I remember everything about that night

I remember everything about that night. I remember the stinging pain and the uncomfortable feel of it. I remember me screaming, begging for him to stop but him just continuing on eagerly. I remember where we were, what I was wearing, every ragged terrified breath I took, everything.

I didn't tell anyone about it. And ten years later, I still haven't told anyone. It's a secret I'm willing to keep locked inside my head until the time is right, if ever there is one.

I have sometimes nightmares about it. Some of them are vague and hard to make out, but some of them feel so real I wake up terrified and covered in a thin layer of sweat. They all base around him coming back for me and trying for a second round.

Since that I night, I've never been able to commit myself to the opposite sex like I wanted to. I just couldn't trust them. And every time I let my barrier down slightly, I'd get these visions and my protective wall would come back up just as strong and fast as it was let down.

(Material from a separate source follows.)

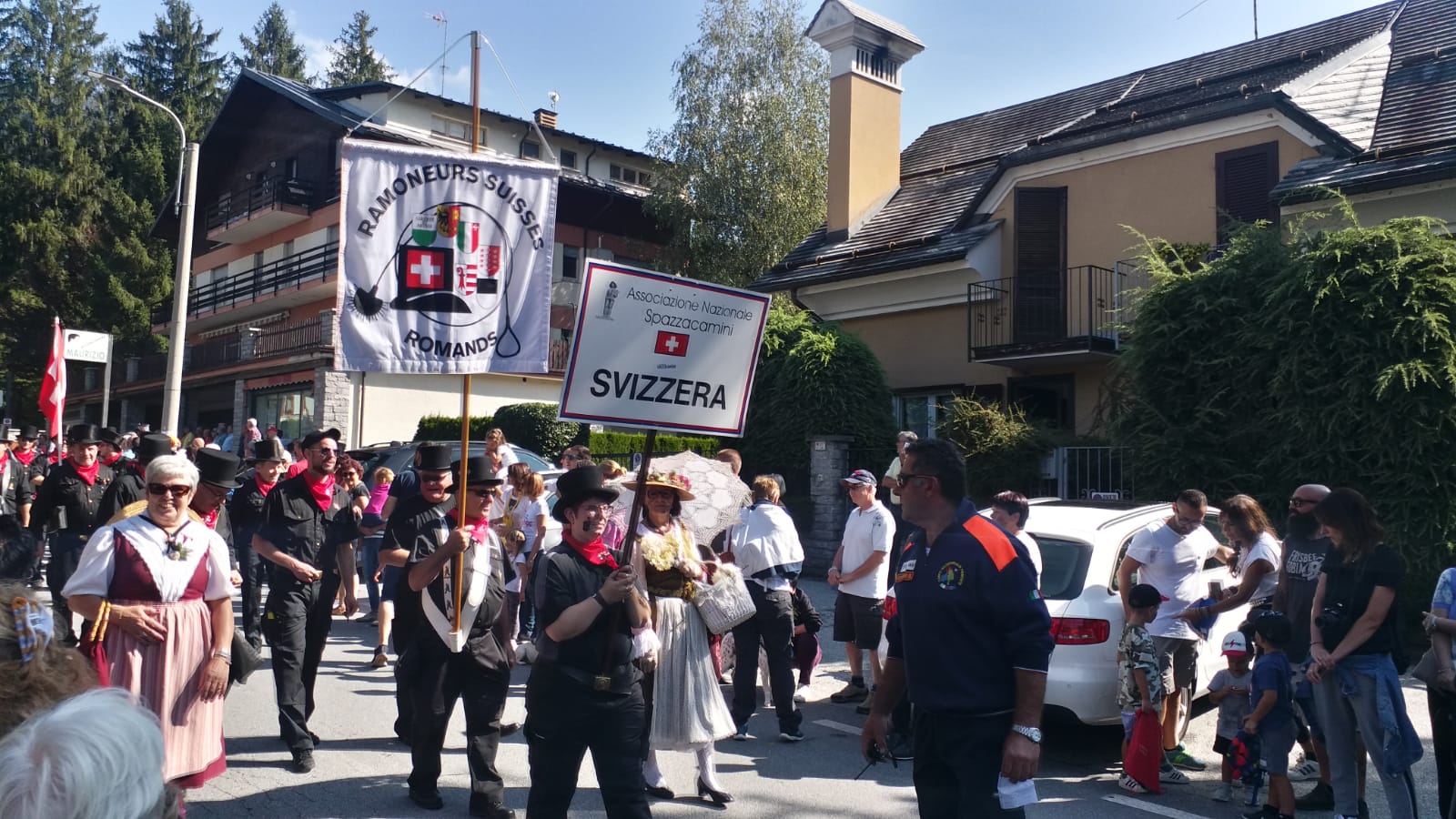 da tutto il mondo hanno sfilato domenica mattina per il centro di Santa Maria Maggiore, in occasione del trentottesimo raduno internazionale degli spazzacamini. Davanti alle autorità e ad un pubblico di decine di migliaia di persone i " rusca" hanno rallegrato la prima domenica di settembre portando simpatia e distribuendo caramelle a grandi e piccini. "23 le nazioni rappresentate dai musi neri, alcune delegazioni delle quali come l' Austria, la Finlandia e la Svezia sono cresciute a livello di partecipazione" spiega Anita Hofer vice presidente dell' Associazione Nazionale Spazzacamini, presieduta da Livio Milani, in testa al corteo aperto dal Gruppo Folkloristico Valle Vigezzo che compie quest'anno 98 anni. Il gruppo più numeroso la Germania con oltre quattrocento partecipanti. Tra le novità anche il passaggio di un aereo nei cieli sopra il borgo che ha raccolto lo stupefatto applauso degli intervenuti. " Anche quest'anno è motivo di grande orgoglio rivedere tutti i paesi del mondo rivolgere un loro ritorno al paese d' origine " aggiunge Claudio Cottini, sindaco del comune vigezzino. Bilancio come ogni anno entusiasmante con i ristoranti, alberghi e bed and breakfast al completo e domani gita degli spazzacamini a Stresa scelta quest'anno come location per i saluti finali tra i partecipanti.

I'm sensitive to every touch, conscious of every accidental gentle brush of hand against hand when someone walks to close to you.

For a while even my family couldn't even hug me or pull away a strand piece of hair without me flinching.

I'd had a lot of thought about it, and looking back now, there probably was a thing or two that I could've done to stop it or prevent it. But what's done is done, and there's no way of changing it.

I hated the foul, inconsiderate, worthless pig that did this too me. For many years after that night I fantasized about what it would be like to wrap my hands around his throat and grasp the life out of him. But truth is, I never actually saw his face, and his voice was only a low hush. So I'd never be able to do this, because I didn't know who he was. I guess he planned it to be like that though. Easier.

That night was stuck with me forever. Burned into my brain so painfully it would be impossible to forget it. It made me stronger but also weaker. It was the night that changed me dramatically. Forever.